Creating something truly beautiful and unique takes patience and time. – From wedging a lump of clay to the first time you admire a finished piece, the creation of one piece is probably about a week and a half to two weeks. But this is true of anything you create, whether it’s a piece of flatware or the person you were meant to be.

 Never underestimate the effort of any creation process. – I kid you not when I say that after two hours at the wheel, my back and hips are stiff and that my fingers, palms, wrists, arms, and shoulders literally ache with the effort of turning a shapeless handful of clay into something recognizable. But again, whether you’re making a hand-thrown mug or becoming a better person, the amount of effort that goes into that whole process is largely unnoticed by anyone on the outside looking in.  Nobody sees how hard you’ve worked to be kinder, more patient, more loving, or more aware of the world around you if these things don’t come naturally to you, but the see the end product of those struggles to learn and grow.  Nobody outside of the gym will know how hard you’ve worked (even the other regulars at the gym probably don’t see that either) but everyone sees that you’re slimming down and putting on some muscle.  Life itself is a creation process — it is what you make out of what’s been given to you, and turning it all into something beautiful will always take more out of you than you realize.

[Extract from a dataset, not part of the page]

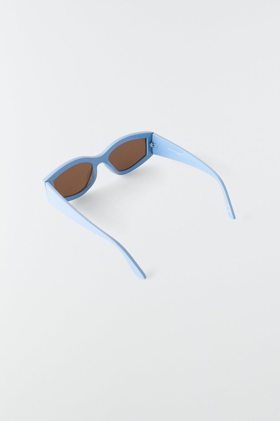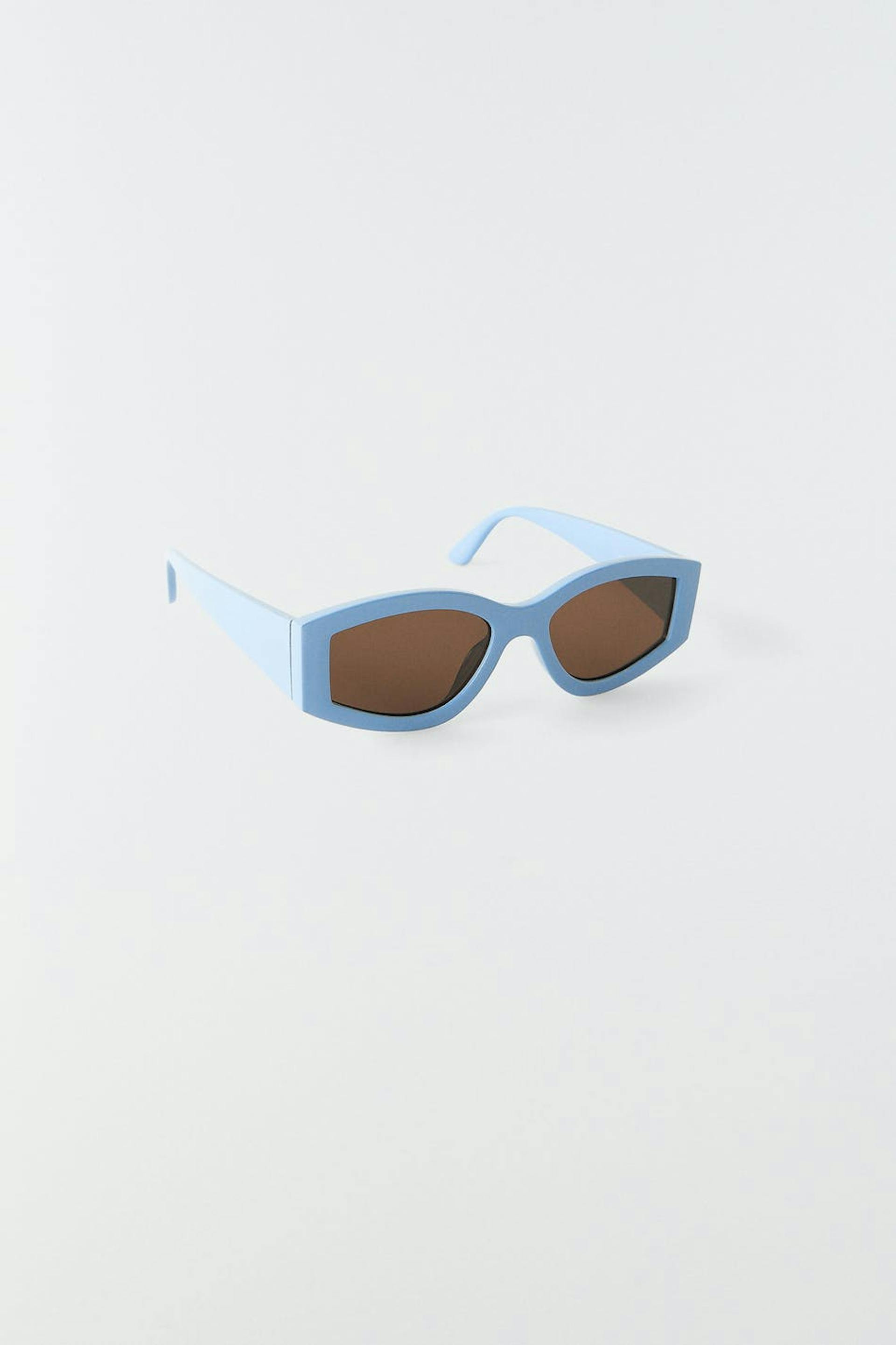 Sunglasses with a cat-eye design. The sunglasses is blue. It has a plastic frame.

Close your eyes and feel what’s going on.   — This is how I learned to understand my clay – how to know when it’s stable and centred, when it’s too dry or too wet, when it’s not the right thickness, and when it’s getting loose and tired. This is also how I learned to feel when a dry piece is centred and ready to trim, and during the trimming process how to know when I’ve trimmed off enough excess clay. And yes, this is applicable to the “real world” – when was the last time you just closed your eyes for a second and focused on the feeling of your surroundings or even how you’re really feeling inside?  When was the last time you looked in at yourself and saw what was really there, and then did something about it?  We’re always so concerned with our outward appearances and how we look to the people around us, but why are we so afraid to look inside ourselves and see what’s buried deep inside our hearts and possibly waiting to be let out into the world?

It won’t always work out the way you want it to, and even when it does it will still surprise and maybe even delight you. – I’ve had to turn a butter bell lid into an eggcup (or shot glass) because my clay was too thin. I’ve had to reshape a piece or two because I’ve deformed them while attempting to remove them from the wheel. I’ve experimented with beeswax, slip, and glaze. And every completed piece is a total surprise, regardless of what happened on the journey it took from shapeless clay to ceramic vessel – even the final colour is a surprise, because blue glaze starts out red and red glaze starts out blue. It’s the same with life: it rarely plays out the way we expect or want it to, but we forget that it plays out the way it’s meant to in order for us to become the best possible versions of ourselves. Just like clay, we start out with very little beauty or shape – but as time goes by we are formed, first physically in our mothers’ wombs and after we are born, which is when our emotional, intellectual, and internal formation also begins. Our families, friends, and other influential presences coax us into shape in our lives. Hard times bring us down, and positive times pull us back up. We are thrust into fire and coloured by our experiences…

…and at the end of it all, in the same way that grey shapeless clay becomes a beautifully glazed mug or bowl, we are revealed to be unique, beautiful, and useful in our own ways.